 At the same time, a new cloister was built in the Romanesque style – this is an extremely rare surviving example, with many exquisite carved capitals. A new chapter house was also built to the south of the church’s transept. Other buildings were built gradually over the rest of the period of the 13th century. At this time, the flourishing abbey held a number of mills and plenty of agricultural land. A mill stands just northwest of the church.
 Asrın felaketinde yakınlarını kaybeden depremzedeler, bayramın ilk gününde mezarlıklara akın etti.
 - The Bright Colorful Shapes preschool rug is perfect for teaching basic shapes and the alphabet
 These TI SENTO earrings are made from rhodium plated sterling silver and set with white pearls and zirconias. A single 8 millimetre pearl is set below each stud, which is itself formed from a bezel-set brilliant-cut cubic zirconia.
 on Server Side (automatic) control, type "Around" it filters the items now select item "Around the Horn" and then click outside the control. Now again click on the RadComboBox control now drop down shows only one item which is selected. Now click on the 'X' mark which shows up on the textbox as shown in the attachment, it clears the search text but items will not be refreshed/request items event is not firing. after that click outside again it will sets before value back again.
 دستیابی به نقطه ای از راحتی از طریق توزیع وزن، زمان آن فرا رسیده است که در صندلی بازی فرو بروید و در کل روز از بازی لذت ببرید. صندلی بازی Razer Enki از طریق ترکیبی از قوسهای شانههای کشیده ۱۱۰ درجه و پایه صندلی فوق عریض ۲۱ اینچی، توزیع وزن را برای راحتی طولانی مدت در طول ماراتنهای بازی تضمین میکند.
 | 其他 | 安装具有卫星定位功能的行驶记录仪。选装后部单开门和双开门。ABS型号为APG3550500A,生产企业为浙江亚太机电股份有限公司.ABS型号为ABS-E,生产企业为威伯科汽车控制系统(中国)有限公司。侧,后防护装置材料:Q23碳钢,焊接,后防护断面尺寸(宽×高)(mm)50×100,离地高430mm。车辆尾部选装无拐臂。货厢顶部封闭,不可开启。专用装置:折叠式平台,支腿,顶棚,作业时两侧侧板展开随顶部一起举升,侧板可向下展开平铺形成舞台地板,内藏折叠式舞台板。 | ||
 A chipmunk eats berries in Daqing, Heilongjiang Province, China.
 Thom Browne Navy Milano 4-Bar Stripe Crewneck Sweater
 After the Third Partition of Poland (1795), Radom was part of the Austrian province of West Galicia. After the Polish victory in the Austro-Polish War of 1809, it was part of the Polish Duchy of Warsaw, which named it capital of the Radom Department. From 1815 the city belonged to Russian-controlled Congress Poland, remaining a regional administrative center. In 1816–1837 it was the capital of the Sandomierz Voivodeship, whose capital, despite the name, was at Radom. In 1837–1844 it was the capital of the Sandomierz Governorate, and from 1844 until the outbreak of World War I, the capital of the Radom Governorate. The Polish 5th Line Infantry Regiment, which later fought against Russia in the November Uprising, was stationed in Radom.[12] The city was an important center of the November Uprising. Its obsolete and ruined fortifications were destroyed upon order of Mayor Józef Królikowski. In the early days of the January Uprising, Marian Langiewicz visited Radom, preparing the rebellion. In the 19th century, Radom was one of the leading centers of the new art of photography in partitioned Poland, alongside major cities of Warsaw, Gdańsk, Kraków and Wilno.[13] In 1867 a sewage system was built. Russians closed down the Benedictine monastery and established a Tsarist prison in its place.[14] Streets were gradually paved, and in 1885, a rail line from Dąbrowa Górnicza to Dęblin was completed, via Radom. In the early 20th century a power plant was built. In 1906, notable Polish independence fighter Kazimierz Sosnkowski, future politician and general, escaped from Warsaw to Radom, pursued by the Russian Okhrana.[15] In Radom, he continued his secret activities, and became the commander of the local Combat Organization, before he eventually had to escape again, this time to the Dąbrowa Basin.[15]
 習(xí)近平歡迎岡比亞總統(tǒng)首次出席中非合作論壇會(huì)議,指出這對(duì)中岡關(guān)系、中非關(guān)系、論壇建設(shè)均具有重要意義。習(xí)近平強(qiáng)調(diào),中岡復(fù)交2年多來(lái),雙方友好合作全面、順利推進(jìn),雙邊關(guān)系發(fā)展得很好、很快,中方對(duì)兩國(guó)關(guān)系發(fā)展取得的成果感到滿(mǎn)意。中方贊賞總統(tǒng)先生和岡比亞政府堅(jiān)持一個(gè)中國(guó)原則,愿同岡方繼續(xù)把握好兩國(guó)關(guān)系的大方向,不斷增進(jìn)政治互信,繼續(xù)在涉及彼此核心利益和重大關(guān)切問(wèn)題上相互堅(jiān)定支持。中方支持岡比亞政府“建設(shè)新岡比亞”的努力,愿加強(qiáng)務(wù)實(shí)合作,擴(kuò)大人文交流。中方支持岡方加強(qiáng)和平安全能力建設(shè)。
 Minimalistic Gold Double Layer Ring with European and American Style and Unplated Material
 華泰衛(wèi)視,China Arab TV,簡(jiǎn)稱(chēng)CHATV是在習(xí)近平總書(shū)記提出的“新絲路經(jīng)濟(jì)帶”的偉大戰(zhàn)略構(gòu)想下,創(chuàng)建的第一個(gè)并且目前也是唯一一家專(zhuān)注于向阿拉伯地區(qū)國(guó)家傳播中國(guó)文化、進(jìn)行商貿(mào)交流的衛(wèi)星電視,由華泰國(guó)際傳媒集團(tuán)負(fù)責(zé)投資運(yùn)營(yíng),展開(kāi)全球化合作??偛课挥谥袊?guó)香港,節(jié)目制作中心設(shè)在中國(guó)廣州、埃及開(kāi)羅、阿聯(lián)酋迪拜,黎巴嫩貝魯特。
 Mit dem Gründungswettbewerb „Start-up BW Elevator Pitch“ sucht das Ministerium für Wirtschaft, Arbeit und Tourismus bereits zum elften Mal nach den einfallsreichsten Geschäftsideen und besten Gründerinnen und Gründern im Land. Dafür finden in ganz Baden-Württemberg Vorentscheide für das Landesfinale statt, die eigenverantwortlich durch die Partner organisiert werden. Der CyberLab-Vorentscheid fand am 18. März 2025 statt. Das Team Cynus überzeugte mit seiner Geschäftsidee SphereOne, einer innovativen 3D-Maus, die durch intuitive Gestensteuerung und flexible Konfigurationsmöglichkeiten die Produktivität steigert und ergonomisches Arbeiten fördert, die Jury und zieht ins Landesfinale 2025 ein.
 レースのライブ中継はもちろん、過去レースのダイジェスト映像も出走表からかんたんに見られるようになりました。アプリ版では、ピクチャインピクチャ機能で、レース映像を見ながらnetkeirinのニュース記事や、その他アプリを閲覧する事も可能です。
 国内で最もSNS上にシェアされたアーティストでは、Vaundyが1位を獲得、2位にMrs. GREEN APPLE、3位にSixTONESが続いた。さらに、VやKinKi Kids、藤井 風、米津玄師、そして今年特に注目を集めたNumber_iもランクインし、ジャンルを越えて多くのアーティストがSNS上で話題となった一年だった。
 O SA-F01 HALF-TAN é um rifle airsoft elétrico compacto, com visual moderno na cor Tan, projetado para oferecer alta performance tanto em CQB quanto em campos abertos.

◆ What you are asked to do: Each entry given above is to be duplicated exactly.

◆ Response for this exercise:
 At the same time, a new cloister was built in the Romanesque style – this is an extremely rare surviving example, with many exquisite carved capitals. A new chapter house was also built to the south of the church’s transept. Other buildings were built gradually over the rest of the period of the 13th century. At this time, the flourishing abbey held a number of mills and plenty of agricultural land. A mill stands just northwest of the church.
 Asrın felaketinde yakınlarını kaybeden depremzedeler, bayramın ilk gününde mezarlıklara akın etti.
 - The Bright Colorful Shapes preschool rug is perfect for teaching basic shapes and the alphabet
 These TI SENTO earrings are made from rhodium plated sterling silver and set with white pearls and zirconias. A single 8 millimetre pearl is set below each stud, which is itself formed from a bezel-set brilliant-cut cubic zirconia.
 on Server Side (automatic) control, type "Around" it filters the items now select item "Around the Horn" and then click outside the control. Now again click on the RadComboBox control now drop down shows only one item which is selected. Now click on the 'X' mark which shows up on the textbox as shown in the attachment, it clears the search text but items will not be refreshed/request items event is not firing. after that click outside again it will sets before value back again.
 دستیابی به نقطه ای از راحتی از طریق توزیع وزن، زمان آن فرا رسیده است که در صندلی بازی فرو بروید و در کل روز از بازی لذت ببرید. صندلی بازی Razer Enki از طریق ترکیبی از قوسهای شانههای کشیده ۱۱۰ درجه و پایه صندلی فوق عریض ۲۱ اینچی، توزیع وزن را برای راحتی طولانی مدت در طول ماراتنهای بازی تضمین میکند.
 | 其他 | 安装具有卫星定位功能的行驶记录仪。选装后部单开门和双开门。ABS型号为APG3550500A,生产企业为浙江亚太机电股份有限公司.ABS型号为ABS-E,生产企业为威伯科汽车控制系统(中国)有限公司。侧,后防护装置材料:Q23碳钢,焊接,后防护断面尺寸(宽×高)(mm)50×100,离地高430mm。车辆尾部选装无拐臂。货厢顶部封闭,不可开启。专用装置:折叠式平台,支腿,顶棚,作业时两侧侧板展开随顶部一起举升,侧板可向下展开平铺形成舞台地板,内藏折叠式舞台板。 | ||
 A chipmunk eats berries in Daqing, Heilongjiang Province, China.
 Thom Browne Navy Milano 4-Bar Stripe Crewneck Sweater
 After the Third Partition of Poland (1795), Radom was part of the Austrian province of West Galicia. After the Polish victory in the Austro-Polish War of 1809, it was part of the Polish Duchy of Warsaw, which named it capital of the Radom Department. From 1815 the city belonged to Russian-controlled Congress Poland, remaining a regional administrative center. In 1816–1837 it was the capital of the Sandomierz Voivodeship, whose capital, despite the name, was at Radom. In 1837–1844 it was the capital of the Sandomierz Governorate, and from 1844 until the outbreak of World War I, the capital of the Radom Governorate. The Polish 5th Line Infantry Regiment, which later fought against Russia in the November Uprising, was stationed in Radom.[12] The city was an important center of the November Uprising. Its obsolete and ruined fortifications were destroyed upon order of Mayor Józef Królikowski. In the early days of the January Uprising, Marian Langiewicz visited Radom, preparing the rebellion. In the 19th century, Radom was one of the leading centers of the new art of photography in partitioned Poland, alongside major cities of Warsaw, Gdańsk, Kraków and Wilno.[13] In 1867 a sewage system was built. Russians closed down the Benedictine monastery and established a Tsarist prison in its place.[14] Streets were gradually paved, and in 1885, a rail line from Dąbrowa Górnicza to Dęblin was completed, via Radom. In the early 20th century a power plant was built. In 1906, notable Polish independence fighter Kazimierz Sosnkowski, future politician and general, escaped from Warsaw to Radom, pursued by the Russian Okhrana.[15] In Radom, he continued his secret activities, and became the commander of the local Combat Organization, before he eventually had to escape again, this time to the Dąbrowa Basin.[15]
 習(xí)近平歡迎岡比亞總統(tǒng)首次出席中非合作論壇會(huì)議,指出這對(duì)中岡關(guān)系、中非關(guān)系、論壇建設(shè)均具有重要意義。習(xí)近平強(qiáng)調(diào),中岡復(fù)交2年多來(lái),雙方友好合作全面、順利推進(jìn),雙邊關(guān)系發(fā)展得很好、很快,中方對(duì)兩國(guó)關(guān)系發(fā)展取得的成果感到滿(mǎn)意。中方贊賞總統(tǒng)先生和岡比亞政府堅(jiān)持一個(gè)中國(guó)原則,愿同岡方繼續(xù)把握好兩國(guó)關(guān)系的大方向,不斷增進(jìn)政治互信,繼續(xù)在涉及彼此核心利益和重大關(guān)切問(wèn)題上相互堅(jiān)定支持。中方支持岡比亞政府“建設(shè)新岡比亞”的努力,愿加強(qiáng)務(wù)實(shí)合作,擴(kuò)大人文交流。中方支持岡方加強(qiáng)和平安全能力建設(shè)。
 Minimalistic Gold Double Layer Ring with European and American Style and Unplated Material
 華泰衛(wèi)視,China Arab TV,簡(jiǎn)稱(chēng)CHATV是在習(xí)近平總書(shū)記提出的“新絲路經(jīng)濟(jì)帶”的偉大戰(zhàn)略構(gòu)想下,創(chuàng)建的第一個(gè)并且目前也是唯一一家專(zhuān)注于向阿拉伯地區(qū)國(guó)家傳播中國(guó)文化、進(jìn)行商貿(mào)交流的衛(wèi)星電視,由華泰國(guó)際傳媒集團(tuán)負(fù)責(zé)投資運(yùn)營(yíng),展開(kāi)全球化合作??偛课挥谥袊?guó)香港,節(jié)目制作中心設(shè)在中國(guó)廣州、埃及開(kāi)羅、阿聯(lián)酋迪拜,黎巴嫩貝魯特。
 Mit dem Gründungswettbewerb „Start-up BW Elevator Pitch“ sucht das Ministerium für Wirtschaft, Arbeit und Tourismus bereits zum elften Mal nach den einfallsreichsten Geschäftsideen und besten Gründerinnen und Gründern im Land. Dafür finden in ganz Baden-Württemberg Vorentscheide für das Landesfinale statt, die eigenverantwortlich durch die Partner organisiert werden. Der CyberLab-Vorentscheid fand am 18. März 2025 statt. Das Team Cynus überzeugte mit seiner Geschäftsidee SphereOne, einer innovativen 3D-Maus, die durch intuitive Gestensteuerung und flexible Konfigurationsmöglichkeiten die Produktivität steigert und ergonomisches Arbeiten fördert, die Jury und zieht ins Landesfinale 2025 ein.
 レースのライブ中継はもちろん、過去レースのダイジェスト映像も出走表からかんたんに見られるようになりました。アプリ版では、ピクチャインピクチャ機能で、レース映像を見ながらnetkeirinのニュース記事や、その他アプリを閲覧する事も可能です。
 国内で最もSNS上にシェアされたアーティストでは、Vaundyが1位を獲得、2位にMrs. GREEN APPLE、3位にSixTONESが続いた。さらに、VやKinKi Kids、藤井 風、米津玄師、そして今年特に注目を集めたNumber_iもランクインし、ジャンルを越えて多くのアーティストがSNS上で話題となった一年だった。
 O SA-F01 HALF-TAN é um rifle airsoft elétrico compacto, com visual moderno na cor Tan, projetado para oferecer alta performance tanto em CQB quanto em campos abertos.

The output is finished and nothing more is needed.